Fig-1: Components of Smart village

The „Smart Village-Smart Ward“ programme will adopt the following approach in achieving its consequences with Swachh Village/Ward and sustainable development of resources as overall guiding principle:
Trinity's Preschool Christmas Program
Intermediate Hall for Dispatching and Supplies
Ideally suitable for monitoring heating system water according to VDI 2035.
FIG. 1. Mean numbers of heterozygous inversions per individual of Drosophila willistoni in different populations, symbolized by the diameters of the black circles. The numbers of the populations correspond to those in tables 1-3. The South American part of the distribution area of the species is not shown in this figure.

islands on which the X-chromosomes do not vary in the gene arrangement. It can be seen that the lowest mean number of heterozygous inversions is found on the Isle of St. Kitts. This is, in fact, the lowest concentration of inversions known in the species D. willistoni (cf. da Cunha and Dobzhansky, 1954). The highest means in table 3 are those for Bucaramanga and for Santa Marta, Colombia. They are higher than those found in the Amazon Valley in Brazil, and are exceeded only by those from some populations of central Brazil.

• • • • • • •

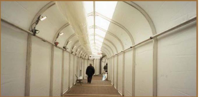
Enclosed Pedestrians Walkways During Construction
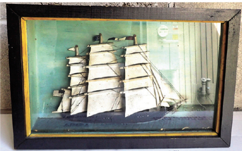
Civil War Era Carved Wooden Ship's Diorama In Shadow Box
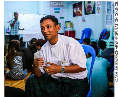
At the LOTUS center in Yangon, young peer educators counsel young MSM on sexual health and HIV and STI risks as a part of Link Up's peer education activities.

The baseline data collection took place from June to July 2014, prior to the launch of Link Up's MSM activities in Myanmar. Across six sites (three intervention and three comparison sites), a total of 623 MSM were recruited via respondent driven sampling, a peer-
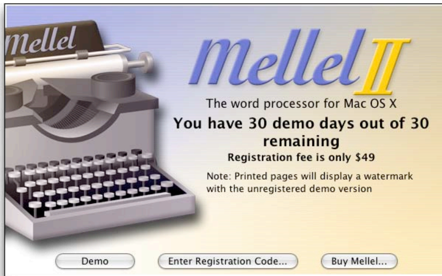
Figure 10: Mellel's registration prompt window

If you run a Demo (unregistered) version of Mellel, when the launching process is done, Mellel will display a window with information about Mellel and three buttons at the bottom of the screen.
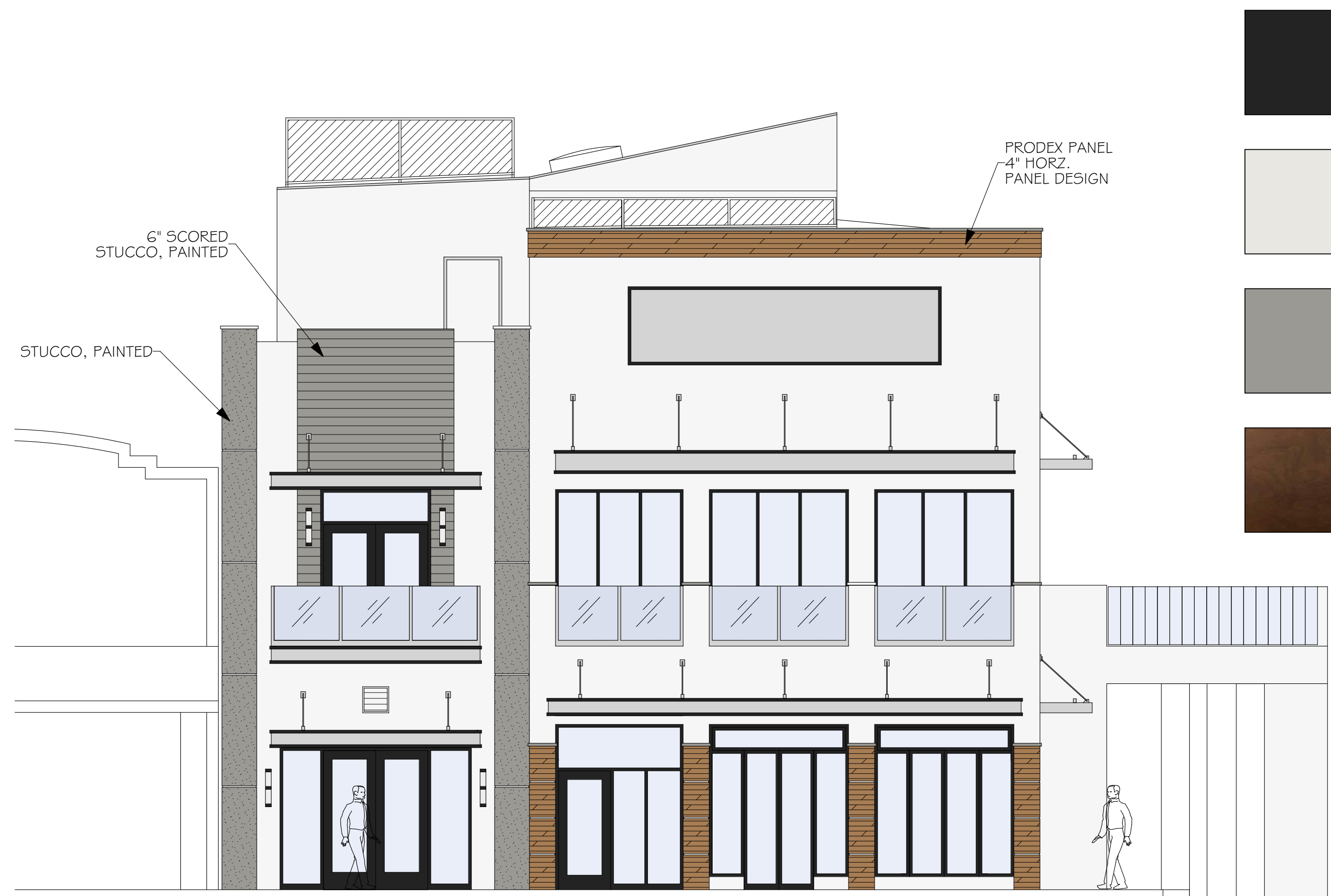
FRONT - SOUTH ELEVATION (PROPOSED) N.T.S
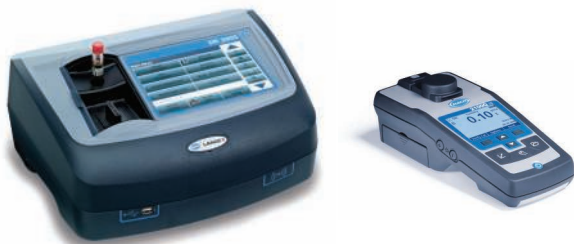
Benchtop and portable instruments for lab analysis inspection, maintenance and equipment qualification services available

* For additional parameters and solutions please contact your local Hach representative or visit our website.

• • • • • • •

● **WHAT THE TASK REQUIRES**:
Using the records above, set down exactly the lines from the one with "Fig-1: Components of Smart village" through the one with "islands on which", inclusive, and nothing more.

● **SOLUTION TO THE PROBLEM**:
Fig-1: Components of Smart village

The „Smart Village-Smart Ward“ programme will adopt the following approach in achieving its consequences with Swachh Village/Ward and sustainable development of resources as overall guiding principle:
Trinity's Preschool Christmas Program
Intermediate Hall for Dispatching and Supplies
Ideally suitable for monitoring heating system water according to VDI 2035.
FIG. 1. Mean numbers of heterozygous inversions per individual of Drosophila willistoni in different populations, symbolized by the diameters of the black circles. The numbers of the populations correspond to those in tables 1-3. The South American part of the distribution area of the species is not shown in this figure.

islands on which the X-chromosomes do not vary in the gene arrangement. It can be seen that the lowest mean number of heterozygous inversions is found on the Isle of St. Kitts. This is, in fact, the lowest concentration of inversions known in the species D. willistoni (cf. da Cunha and Dobzhansky, 1954). The highest means in table 3 are those for Bucaramanga and for Santa Marta, Colombia. They are higher than those found in the Amazon Valley in Brazil, and are exceeded only by those from some populations of central Brazil.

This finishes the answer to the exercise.